* DATA
——————
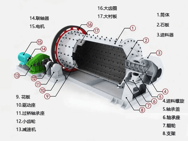 球磨机由给料部、出料部、回转部、传动部(减速机,小传动齿轮,电机,电控)等主要部分组成。中空轴采用铸钢件,内衬可拆
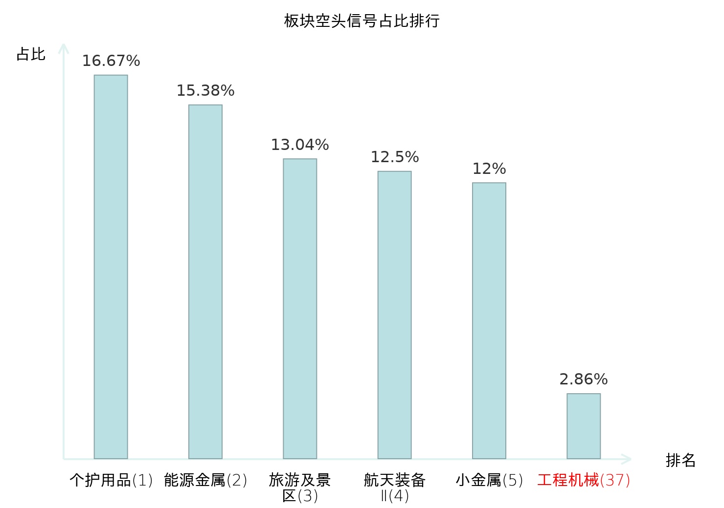 全市场所有行业板块中主力空头信号占比排名中,个护用品板块位居第一。元件板块名次提升最快,较昨日上升106位。
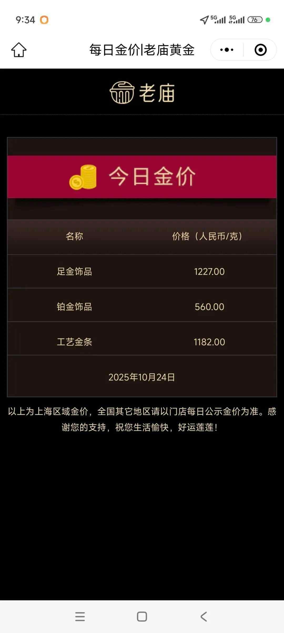 受此影响,10月24日,周生生足金饰品报价1236元/克,较昨日调整后报价1211元/克上涨25元/克;老庙黄金足金饰品报价1227元/克,较昨日调整后报价1213元/克上涨14元/克。
——————
* WORK TO BE COMPLETED
The copy must start at the line containing "全市场所有行业板块中主力空头" and stop at the last line of the listing, both included, with every line exact and no pictures.

* SOLUTION TO THE EXERCISE
 全市场所有行业板块中主力空头信号占比排名中,个护用品板块位居第一。元件板块名次提升最快,较昨日上升106位。
 受此影响,10月24日,周生生足金饰品报价1236元/克,较昨日调整后报价1211元/克上涨25元/克;老庙黄金足金饰品报价1227元/克,较昨日调整后报价1213元/克上涨14元/克。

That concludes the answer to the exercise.